Several weeks ago, my paper on a novel square equal-area map projection was published in ACM Transactions on Spatial Algorithms and Systems, titled A Square Equal-Area Map Projection with Low Angular Distortion, Minimal Cusps, and Closed-Form Solutions. For mathematical details, the reader is directed to the paper, but I’ll discuss what motivated its development and outline the projection’s benefits here. The projection uses a quincuncial arrangement, which places the north pole at the center and splits the south pole between the four corners of the square, forming a quincunx pattern that resembles the “five” marking on a standard six-sided die. This arrangement has been previously used by the Peirce quincuncial projection, the Collignon quincuncial projection, and the Gringorten projection.1
The development of the projection was motivated as a method to store spherical panoramic images, for potential use as a new format for the Pannellum panorama viewer. Since GPU texture limits are defined in terms of square textures, a square projection is ideal for such a use, and a quincuncial arrangement will in general have lower distortion than something like a cylindrical projection, since the sphere is cut in more places. A quincuncial arrangement is also seamlessly tileable, which can help to avoid sampling issues at the image edges. Additionally, to avoid wasting pixels due to varying levels of spatial detail, an equal-area projection is preferred, eliminating the Peirce quincuncial projection from contention, since it is a conformal projection.2 For existing projections, this left the Collignon quincuncial projection and the Gringorten projection. However, the Gringorten projection does not have closed-form solutions, which prevents its use in a GPU shader. This left just the Collignon quincuncial projection, but it has significant angular distortion and cusps, which will increase visual artifacts in the projected panorama view and will likely decrease the effectiveness of lossy image compression, e.g., JPEG compression. Thus, the goal was to develop a new projection that had relatively low angular distortion like the Gringorten projection but had closed-form solutions, allowing for a GPU shader implementation.

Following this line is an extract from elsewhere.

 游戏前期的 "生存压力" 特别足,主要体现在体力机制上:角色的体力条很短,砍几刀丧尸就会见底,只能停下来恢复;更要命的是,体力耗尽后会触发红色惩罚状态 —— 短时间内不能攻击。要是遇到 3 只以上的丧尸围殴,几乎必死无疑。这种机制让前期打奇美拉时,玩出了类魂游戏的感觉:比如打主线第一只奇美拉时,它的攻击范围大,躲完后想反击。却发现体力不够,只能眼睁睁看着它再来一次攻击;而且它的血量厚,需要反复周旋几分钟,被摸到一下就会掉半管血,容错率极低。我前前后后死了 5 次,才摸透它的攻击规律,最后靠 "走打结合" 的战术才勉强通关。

After going through many, many pages of scratch paper, I developed the new projection described in the paper, which met the design goals. It has closed-form solutions and has comparable—although slightly higher—average angular distortion to that of the Gringorten projection. However, it has lower maximum angular distortion and has only almost-imperceptible cusps. As it does not have a large, arguably-unsightly cusp along the equator like the Gringorten projection, it is probably a better projection even for cartographic purposes, where the lack of closed-form solutions does not present an issue. A comparison of the new projection with the Collignon quincuncial projection and the Gringorten projection is shown below.

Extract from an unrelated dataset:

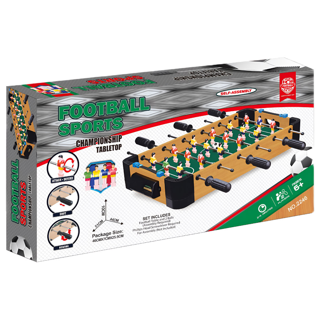 Az asztali csocsó játék egy remek választás a családi szórakozáshoz és az izgalmas mérkőzésekhez otthon, anélkül, hogy nagy helyet foglalna el. A szettben található egy 51 cm x 10 cm x 44 cm-es csocsóasztal, amely a valódihoz hasonló élményt nyújt, méretét leszámítva.

The paper’s supplementary information contains all the code necessary to reproduce the paper’s figures, including a Python implementation of the projection and a D3.js implementation. Before including the projection in Pannellum, a detailed comparison of the new projection to existing cube-based equal-area and near-equal-area projections needs to be completed.
Gringorten, Irving I. “A square equal-area map of the world.” Journal of Applied Meteorology and Climatology 11, no. 5 (1972): 763–767. ↩
A projection cannot be simultaneously conformal (angle preserving) and equal area. ↩
I mentioned this work here: https://github.com/d3/d3-geo-projection/issues/214
One point that was raised in the replies was the need for an inverse.
Hope this is of interest.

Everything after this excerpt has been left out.